Exercise objective:
In the material below, find the line with "ふわふわとした柔らかな着心地" and the line with "テーブルがなくても、置き場所", then output both and every line between them exactly, omitting pictures.

Source information:
--------------------
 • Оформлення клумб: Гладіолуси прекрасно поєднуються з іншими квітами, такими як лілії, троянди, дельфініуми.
--------------------
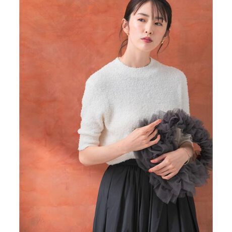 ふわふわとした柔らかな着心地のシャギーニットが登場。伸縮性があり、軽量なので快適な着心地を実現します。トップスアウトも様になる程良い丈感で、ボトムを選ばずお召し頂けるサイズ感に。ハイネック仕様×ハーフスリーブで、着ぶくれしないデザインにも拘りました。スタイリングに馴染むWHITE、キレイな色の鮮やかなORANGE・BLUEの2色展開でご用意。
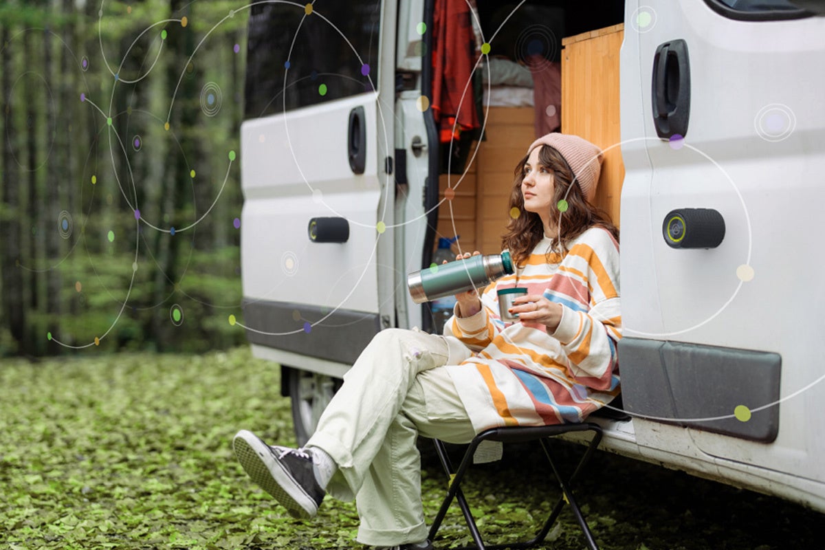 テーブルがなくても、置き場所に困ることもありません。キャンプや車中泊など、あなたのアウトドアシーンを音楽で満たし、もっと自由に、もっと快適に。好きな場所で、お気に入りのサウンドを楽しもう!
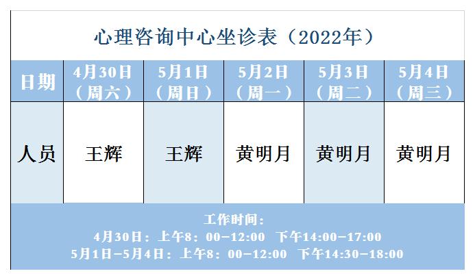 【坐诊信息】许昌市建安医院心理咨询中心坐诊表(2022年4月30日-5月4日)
--------------------
Result of this task:
 ふわふわとした柔らかな着心地のシャギーニットが登場。伸縮性があり、軽量なので快適な着心地を実現します。トップスアウトも様になる程良い丈感で、ボトムを選ばずお召し頂けるサイズ感に。ハイネック仕様×ハーフスリーブで、着ぶくれしないデザインにも拘りました。スタイリングに馴染むWHITE、キレイな色の鮮やかなORANGE・BLUEの2色展開でご用意。
 テーブルがなくても、置き場所に困ることもありません。キャンプや車中泊など、あなたのアウトドアシーンを音楽で満たし、もっと自由に、もっと快適に。好きな場所で、お気に入りのサウンドを楽しもう!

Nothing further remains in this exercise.